> **WHAT THE TASK ASKS**
All entries are to be returned verbatim.

::: STORED DATA :::

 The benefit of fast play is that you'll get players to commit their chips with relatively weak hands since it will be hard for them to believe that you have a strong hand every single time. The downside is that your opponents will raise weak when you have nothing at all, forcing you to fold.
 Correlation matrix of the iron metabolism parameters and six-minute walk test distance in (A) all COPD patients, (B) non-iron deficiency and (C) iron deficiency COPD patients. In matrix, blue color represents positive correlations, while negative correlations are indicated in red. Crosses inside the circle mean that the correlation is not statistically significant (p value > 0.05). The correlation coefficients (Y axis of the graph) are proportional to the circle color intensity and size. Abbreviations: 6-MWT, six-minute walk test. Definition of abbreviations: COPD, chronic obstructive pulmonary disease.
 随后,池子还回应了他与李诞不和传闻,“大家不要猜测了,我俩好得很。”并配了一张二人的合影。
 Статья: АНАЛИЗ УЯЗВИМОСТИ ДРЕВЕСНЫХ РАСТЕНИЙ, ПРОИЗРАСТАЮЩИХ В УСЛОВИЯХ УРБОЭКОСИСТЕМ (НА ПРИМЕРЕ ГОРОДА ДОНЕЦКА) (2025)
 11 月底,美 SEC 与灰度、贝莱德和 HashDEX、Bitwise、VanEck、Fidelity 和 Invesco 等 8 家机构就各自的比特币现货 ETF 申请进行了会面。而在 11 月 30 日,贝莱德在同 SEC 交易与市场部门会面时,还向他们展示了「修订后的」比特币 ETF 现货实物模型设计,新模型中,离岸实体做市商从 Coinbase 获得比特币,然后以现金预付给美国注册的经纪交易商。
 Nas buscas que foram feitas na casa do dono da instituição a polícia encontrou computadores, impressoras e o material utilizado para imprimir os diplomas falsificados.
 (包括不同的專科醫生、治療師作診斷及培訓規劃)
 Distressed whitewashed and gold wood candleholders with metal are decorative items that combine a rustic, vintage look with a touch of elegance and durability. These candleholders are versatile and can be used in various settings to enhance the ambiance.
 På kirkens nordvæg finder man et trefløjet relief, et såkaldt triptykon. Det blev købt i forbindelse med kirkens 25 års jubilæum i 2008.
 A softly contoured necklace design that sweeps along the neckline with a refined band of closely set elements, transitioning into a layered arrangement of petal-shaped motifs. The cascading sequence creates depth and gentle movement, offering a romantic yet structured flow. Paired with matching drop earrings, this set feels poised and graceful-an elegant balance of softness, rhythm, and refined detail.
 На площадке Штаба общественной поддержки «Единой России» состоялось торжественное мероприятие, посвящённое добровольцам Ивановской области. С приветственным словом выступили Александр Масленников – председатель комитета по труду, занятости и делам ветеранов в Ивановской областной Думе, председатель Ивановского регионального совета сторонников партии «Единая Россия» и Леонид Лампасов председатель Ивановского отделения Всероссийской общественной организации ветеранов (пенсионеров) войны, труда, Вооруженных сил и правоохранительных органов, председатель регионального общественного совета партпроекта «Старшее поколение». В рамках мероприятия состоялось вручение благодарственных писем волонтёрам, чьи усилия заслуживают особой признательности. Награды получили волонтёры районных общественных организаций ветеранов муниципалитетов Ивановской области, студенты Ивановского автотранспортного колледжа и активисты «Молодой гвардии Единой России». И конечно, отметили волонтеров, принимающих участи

:::

> **RESULT OF THE EXERCISE**
 The benefit of fast play is that you'll get players to commit their chips with relatively weak hands since it will be hard for them to believe that you have a strong hand every single time. The downside is that your opponents will raise weak when you have nothing at all, forcing you to fold.
 Correlation matrix of the iron metabolism parameters and six-minute walk test distance in (A) all COPD patients, (B) non-iron deficiency and (C) iron deficiency COPD patients. In matrix, blue color represents positive correlations, while negative correlations are indicated in red. Crosses inside the circle mean that the correlation is not statistically significant (p value > 0.05). The correlation coefficients (Y axis of the graph) are proportional to the circle color intensity and size. Abbreviations: 6-MWT, six-minute walk test. Definition of abbreviations: COPD, chronic obstructive pulmonary disease.
 随后,池子还回应了他与李诞不和传闻,“大家不要猜测了,我俩好得很。”并配了一张二人的合影。
 Статья: АНАЛИЗ УЯЗВИМОСТИ ДРЕВЕСНЫХ РАСТЕНИЙ, ПРОИЗРАСТАЮЩИХ В УСЛОВИЯХ УРБОЭКОСИСТЕМ (НА ПРИМЕРЕ ГОРОДА ДОНЕЦКА) (2025)
 11 月底,美 SEC 与灰度、贝莱德和 HashDEX、Bitwise、VanEck、Fidelity 和 Invesco 等 8 家机构就各自的比特币现货 ETF 申请进行了会面。而在 11 月 30 日,贝莱德在同 SEC 交易与市场部门会面时,还向他们展示了「修订后的」比特币 ETF 现货实物模型设计,新模型中,离岸实体做市商从 Coinbase 获得比特币,然后以现金预付给美国注册的经纪交易商。
 Nas buscas que foram feitas na casa do dono da instituição a polícia encontrou computadores, impressoras e o material utilizado para imprimir os diplomas falsificados.
 (包括不同的專科醫生、治療師作診斷及培訓規劃)
 Distressed whitewashed and gold wood candleholders with metal are decorative items that combine a rustic, vintage look with a touch of elegance and durability. These candleholders are versatile and can be used in various settings to enhance the ambiance.
 På kirkens nordvæg finder man et trefløjet relief, et såkaldt triptykon. Det blev købt i forbindelse med kirkens 25 års jubilæum i 2008.
 A softly contoured necklace design that sweeps along the neckline with a refined band of closely set elements, transitioning into a layered arrangement of petal-shaped motifs. The cascading sequence creates depth and gentle movement, offering a romantic yet structured flow. Paired with matching drop earrings, this set feels poised and graceful-an elegant balance of softness, rhythm, and refined detail.
 На площадке Штаба общественной поддержки «Единой России» состоялось торжественное мероприятие, посвящённое добровольцам Ивановской области. С приветственным словом выступили Александр Масленников – председатель комитета по труду, занятости и делам ветеранов в Ивановской областной Думе, председатель Ивановского регионального совета сторонников партии «Единая Россия» и Леонид Лампасов председатель Ивановского отделения Всероссийской общественной организации ветеранов (пенсионеров) войны, труда, Вооруженных сил и правоохранительных органов, председатель регионального общественного совета партпроекта «Старшее поколение». В рамках мероприятия состоялось вручение благодарственных писем волонтёрам, чьи усилия заслуживают особой признательности. Награды получили волонтёры районных общественных организаций ветеранов муниципалитетов Ивановской области, студенты Ивановского автотранспортного колледжа и активисты «Молодой гвардии Единой России». И конечно, отметили волонтеров, принимающих участи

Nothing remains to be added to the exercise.